# Jumping up and barking at me



## Lottalove (Feb 24, 2013)

I would really appreciate some suggestions to help me with a habit that my 2 year old cockapoo Lotta has started. 

If I stop to talk to someone or use my phone (and I rarely use my phone), Lotta will potter about, happily running around and playing. However, when I go to walk on by myself or when I finish my phone call, more often than not, she will start jumping up at me and barking madly. Today she did this for no reason whatsoever, we saw no-one nor did I use my phone. I have tried: using pet corrector, putting her on the lead, crossing my arms and staring at the sky. All work to some extent but not quickly enough to stop me getting covered in mud. When she first started doing this I threw a ball to fetch but it didn't stop the jumping at me. Advice would be greatly appreciated. I hope it's a teenage phase. Just so you know, she gets lots of varied walks and lots of time off lead and lots of attention too.


----------



## wellerfeller (Jul 12, 2011)

The first thing I would try is calling her in and popping a lead on her intermittently throughout the walk but especially when you need to stop for any reason. However when you have finished talking or whatever do not immediately let her off again. Walk her on lead for a couple of extra minutes so she has time to calm herself again as it sounds like she gets over excited at the resuming of the walk.


----------



## wellerfeller (Jul 12, 2011)

I would also recommend, not shouting, throwing g a ball or any other kind of attention as whether it's negative or positive attention she is taking it as a reward and is now basically being bossy with you.


----------



## Lottalove (Feb 24, 2013)

*Thank you*

Thank you for your quick response. Karen and Weller. I am going to try that. I knew that throwing the ball wasn't the right thing to be doing really and it didn't work anyway. It is like she is a child saying "right Mum, now it's time to give me attention!" 
Kate and Lotta


----------



## Lottalove (Feb 24, 2013)

*Help needed still please!*

I would really appreciate any advice and suggestions! I am still having a problem on walks with Lotta. She will be happily running around and exploring and then sometimes, for no apparent reason, she will suddenly jump at me and bark madly. Previously it was when we resumed our walking after talking to people or when I finished talking on the phone. Now she will just start doing it. Today, 5 minutes into our walk. 

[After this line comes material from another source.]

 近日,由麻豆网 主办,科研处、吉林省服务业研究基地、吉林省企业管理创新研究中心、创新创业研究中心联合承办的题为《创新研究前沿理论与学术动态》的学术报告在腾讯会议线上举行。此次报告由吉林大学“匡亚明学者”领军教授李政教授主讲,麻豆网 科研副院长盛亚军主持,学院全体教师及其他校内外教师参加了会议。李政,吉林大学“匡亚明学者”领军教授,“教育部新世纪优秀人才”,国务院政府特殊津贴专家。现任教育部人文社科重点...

(For information, Lotta is walked lots, went to puppy classes until 14 months old, is never allowed to eat from her bowl until told to, waits until allowed to go, is great at recall by name or whistle, and generally lovely natured and obedient.)

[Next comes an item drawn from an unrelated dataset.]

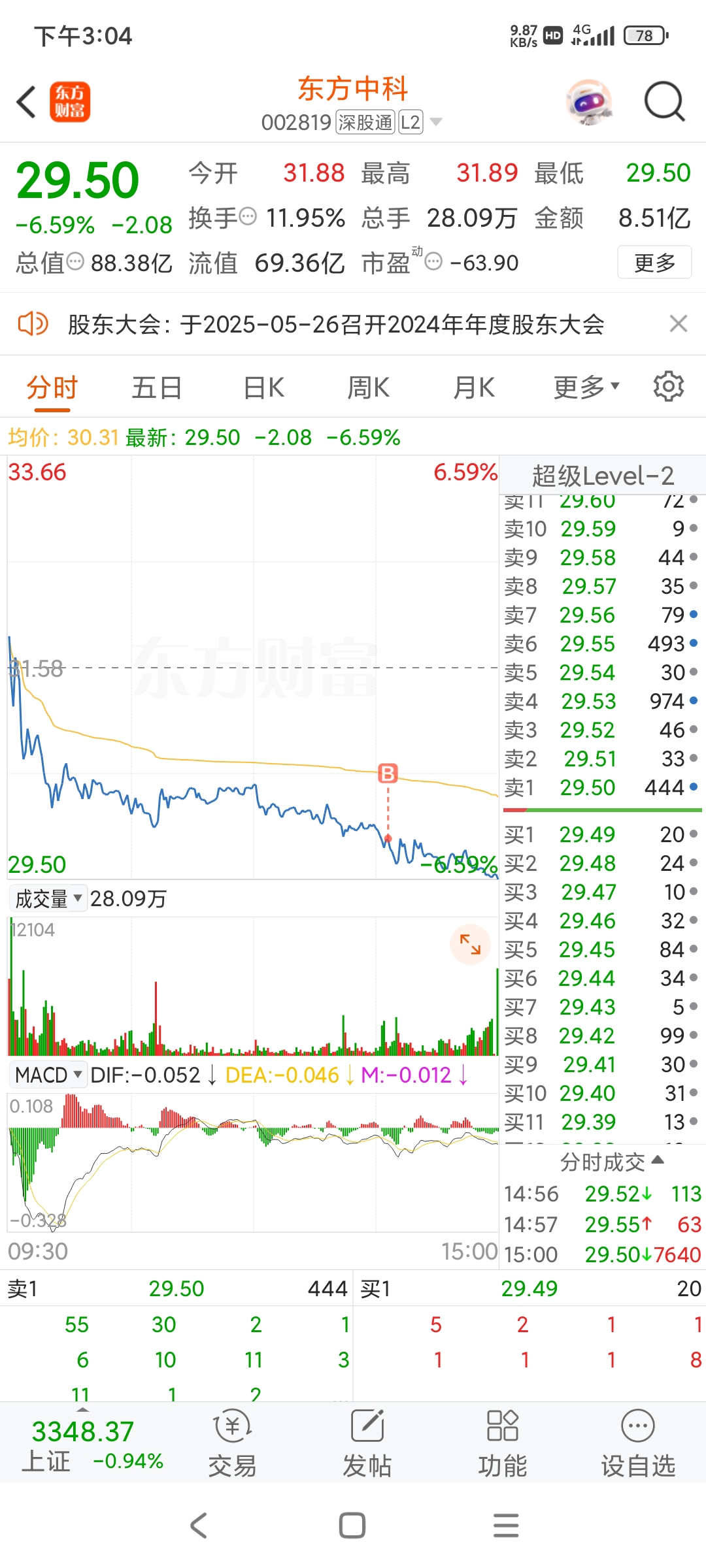 $东方中科(SZ002819)$ 忍了一天,2点一买大盘就跳水,这也太给面子了吧,给我亏麻了

As soon as she starts to jump and bark I always put her straight on the lead, this being the consequence for the behaviour. She then bites madly at the lead making growly noises and sounding like an aggressive dog (which she is totally not!). To stop this I have tried bitter apple spray and vicks vapour rub, to no avail.

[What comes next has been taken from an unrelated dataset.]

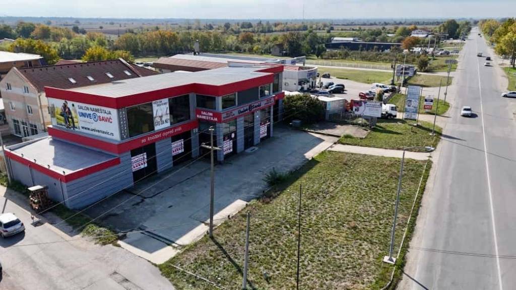 - Prodaja stambeno poslovne zgrade. Poslovni deo objekta čine radionica, tehnički pregled, dve kancelarije, magacini, garaža, kuhinja sa salom za ručavanje i mokri čvor. Sprat objekta cine 3 stana neto površine 117 m².
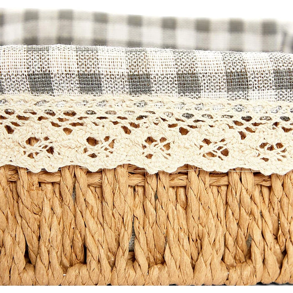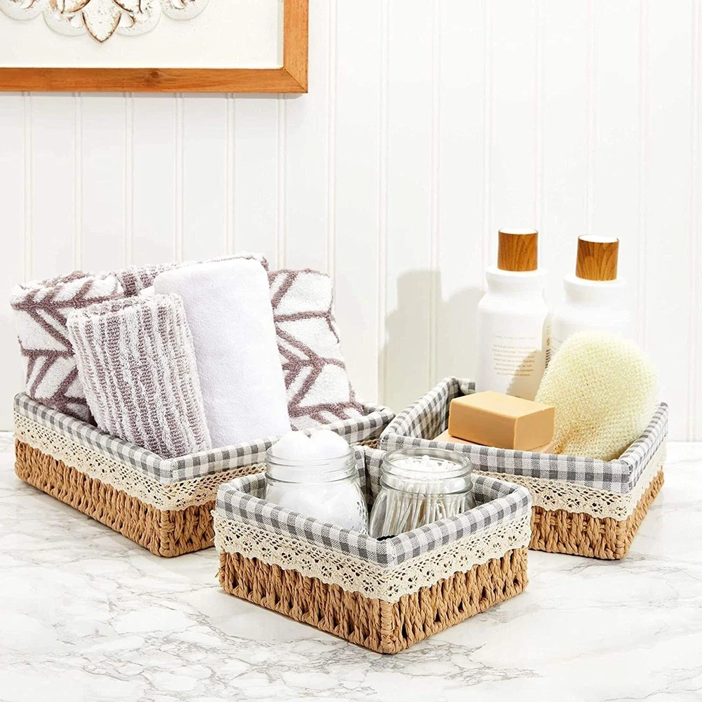 Our 3 baskets for organizing are perfect for those who want functionality and style in their home storage solutions. Each basket has a removable liner, providing versatile storage for various household items, from towels and clothing to beauty products and spices. These assorted baskets for organizing can be used across multiple house rooms, including the bathroom, laundry room, kitchen, living room, and bedroom, for decorative and practical purposes. Our wicker baskets with lining are made of high-quality woven paper material, ensuring they are durable and stylish. The neutral color of the baskets makes them versatile enough to match any rustic-style or modern home decorations. They are also easy to clean and maintain, allowing you to use them for years. These baskets make great gifts for Christmas, birthdays, or housewarming parties. With 3 different sizes, you can use them separately or stack them for even more storage space. They are perfect for those who want to declutter their home while adding a touch of elegance to their decor. Basket with Liner for Organizing: Use this set of rustic-style woven wicker storage baskets for organizing home essentials like magazines, clothes, toys, craft and school supplies, and hand towels Nesting: These lined baskets stack inside of each other for convenient storage when not in use; ideal for your drawer, shelf, desk, laundry room, bathroom, nursery, or kitchen Strong and Lightweight: This set of woven wicker storage baskets for shelves is made of woven paper material, has a sturdy iron wire frame, and a removable cotton lining that is easy to clean Assorted Sizes: The wicker baskets for organizing come in 3 sizes: the large basket measures 10x3 inches, the medium basket measures 8x3 inches, and the small basket measures 7x3 inches What You'll Get: You will receive 3 wicker organizing baskets; each banana leaf basket is an excellent gift for a friend or loved one at a housewarming party, birthday party, or baby shower

I also have started putting her on the lead intermittently and when not displaying this behaviour. But I am feeling really frustrated when she starts it and don't know what to do. Should I invest in one to one behaviour training? I feel I should be able to sort it myself! Any more suggestions would be very welcomed! Thank you. Kate and Lotta.


----------



## DB1 (Jan 20, 2012)

Oh dear poor you, it does sound as if you are trying the right things, there usually ends up being something quite simple you can do to change a behaviour pattern - but if you just don't know it....I'm afraid at the moment I can't think of anything else, she must feel or has felt rewarded by this behavior at some stage but you would think putting her lead back on would not be seen as a reward. and I know in your first post you said you tried ignoring her and that would have been my only suggestion, in your shoes I would be thinking about one to one training, but maybe someone on here will have some ideas to try first, good luck.


----------



## Lexi&Beemer (May 5, 2013)

I can only imagine how frustrating it must be for you. And it sounds like you've done a great job of trying all sorts of things. Can she be hearing things that you can't? Maybe she's trying to alert you to some danger you can't see and she's trying to let you know? I don't know if that helps.


----------